Headlines can bias readers toward a specific interpretation and readers struggle to update their memory in order to correct initial misconceptions in the cases of misleading or inappropriate headlines.

One approach investigated as a potential countermeasure to online misinformation is "attaching warnings to headlines of news stories that have been disputed by third-party fact-checkers", albeit its potential problems include e.g. that false headlines that fail to get tagged are considered validated by readers.

Criticism

Sensationalism, inaccuracy and misleading headlines

"Slam"

The use of "slam" in headlines has attracted criticism on the grounds that the word is overused and contributes to media sensationalism. The violent imagery of words like "slam", "blast", "rip", and "bash" has drawn comparison to professional wrestling, where the primary aim is to titillate audiences with a conflict-laden and largely predetermined narrative, rather than provide authentic coverage of spontaneous events.

Crash blossoms

"Crash blossoms" is a term used to describe headlines that have unintended ambiguous meanings, such as The Times headline "Hospitals named after sandwiches kill five". The word 'named' is typically used in headlines to mean "blamed/held accountable/named [in a lawsuit]", but in this example it seems to say that the hospitals' names were related to sandwiches. The headline was subsequently changed in the electronic version of the article to remove the ambiguity. The term was coined in August 2009 on the Testy Copy Editors web forum after the Japan Times published an article entitled "Violinist Linked to JAL Crash Blossoms" (since retitled to "Violinist shirks off her tragic image").

Headlinese

Headlinese is an abbreviated form of news writing style used in newspaper headlines. Because space is limited, headlines are written in a compressed telegraphic style, using special syntactic conventions, including:
 Forms of the verb "to be" and articles (a, an, the) are usually omitted.
 Most verbs are in the simple present tense, e.g. "Governor signs bill", while the future is expressed by an infinitive, with to followed by a verb, as in "Governor to sign bill"
 The conjunction "and" is often replaced by a comma, as in "Bush, Blair laugh off microphone mishap".
 Individuals are usually specified by surname only, with no honorifics.
 Organizations and institutions are often indicated by metonymy: "Wall Street" for the US financial sector, "Whitehall" for the UK government administration, "Madrid" for the government of Spain, "Davos" for World Economic Forum, and so on.
 Many abbreviations, including contractions and acronyms, are used: in the US, some examples are Dems (for "Democrats") and GOP (for the Republican Party, from the nickname "Grand Old Party"); in the UK, Lib Dems (for the Liberal Democrats), Tories (for the Conservative Party).  The period (full point) is usually omitted from these abbreviations, though U.S. may retain them, especially in all-caps headlines to avoid confusion with the word us.
 Lack of a terminating full stop (period) even if the headline forms a complete sentence.
 Use of single quotation marks to indicate a claim or allegation that cannot be presented as a fact. For example, an article titled "Ultra-processed foods 'linked to cancer covered a study which suggested a link but acknowledged that its findings were not definitive.  Linguist Geoffrey K. Pullum characterizes this practice as deceptive, noting that the single-quoted expressions in newspaper headlines are often not actual quotations, and sometimes convey a claim that is not supported by the text of the article. Another technique is to present the claim as a question, hence Betteridge's law of headlines.
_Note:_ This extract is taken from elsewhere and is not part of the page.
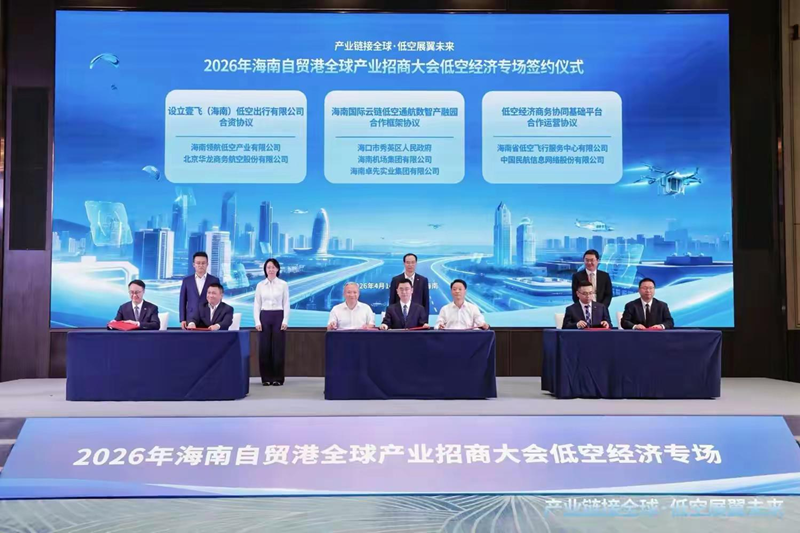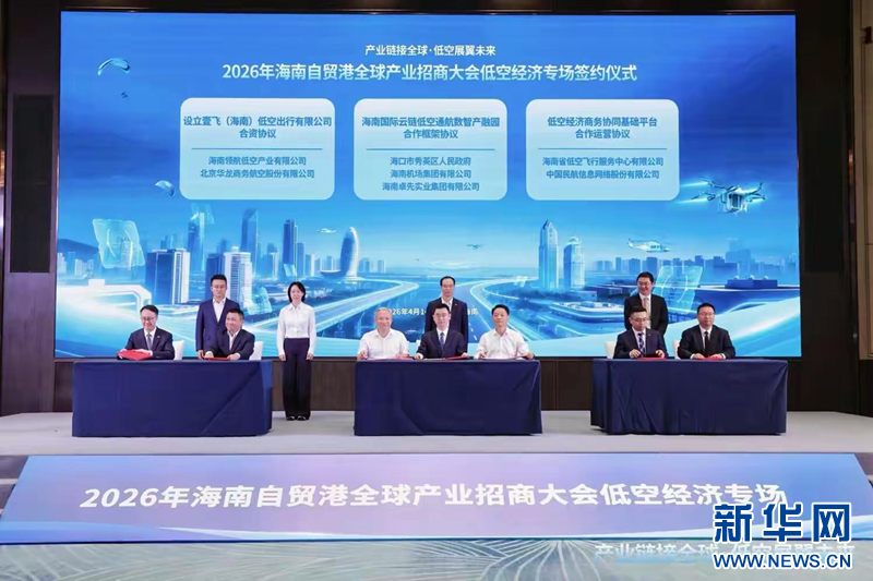 2026年海南自贸港全球产业招商大会低空经济专场签约仪式现场。新华网发

Some periodicals have their own distinctive headline styles, such as Variety and its entertainment-jargon headlines, most famously "Sticks Nix Hick Pix".

Commonly used short words
To save space and attract attention, headlines often use extremely short words, many of which are not otherwise in common use, in unusual or idiosyncratic ways:

 ace (a professional, especially a member of an elite sports team, e.g. "England ace")
 axe (to eliminate)
 bid (to attempt)
 blast (to heavily criticize)
 cagers (basketball team – "cage" is an old term for indoor court)
 chop (to eliminate)
 coffer(s) (a person or entity’s financial holdings)
 confab (a meeting)
 eye (to consider)
 finger (to accuse, blame)
 fold (to shut down)
 gambit (an attempt)
 hike (to increase, raise)
 ink (to sign a contract)
 laud (to praise)
 lull (a pause)
 mar (to damage, harm)
 mull (to contemplate)
 nab (to grab)
 nix (to reject)
 parley (to discuss)
 pen (to write)
 probe (to investigate)
 rap (to criticize)
 romp (an easy victory or a sexual encounter)
 row (an argument or disagreement)
 rue (to lament)
 see (to forecast)
 slay (to murder)
 slam (to heavily criticize)
 snub (to reject)
 solon (to judge)
 spat (an argument or disagreement)
 tap (to select, choose)
 tot (a child)
 tout (to put forward)
 woe (disappointment or misfortune)

Famous examples 

Some famous headlines in periodicals include:
 WALL ST. LAYS AN EGG – Variety on Black Monday (1929)
 STICKS NIX HICK PIX – Variety writing that rural moviegoers preferred urban films (1935)
 DEWEY DEFEATS TRUMAN – Chicago Tribune reporting the wrong election winner (1948)
 FORD TO CITY: DROP DEAD – New York Daily News reporting the denial of a federal bailout for bankrupt New York City (1975)
 MUSH FROM THE WIMP – The Boston Globe in-house joke headline for an editorial, which was not changed before 161,000 copies had been printed. Theo Lippman Jr. of the Baltimore Sun declared "Mush from the Wimp" the second most famous newspaper headline of the 20th century, behind "Wall St. Lays an Egg" and ahead of "Ford to City: Drop Dead".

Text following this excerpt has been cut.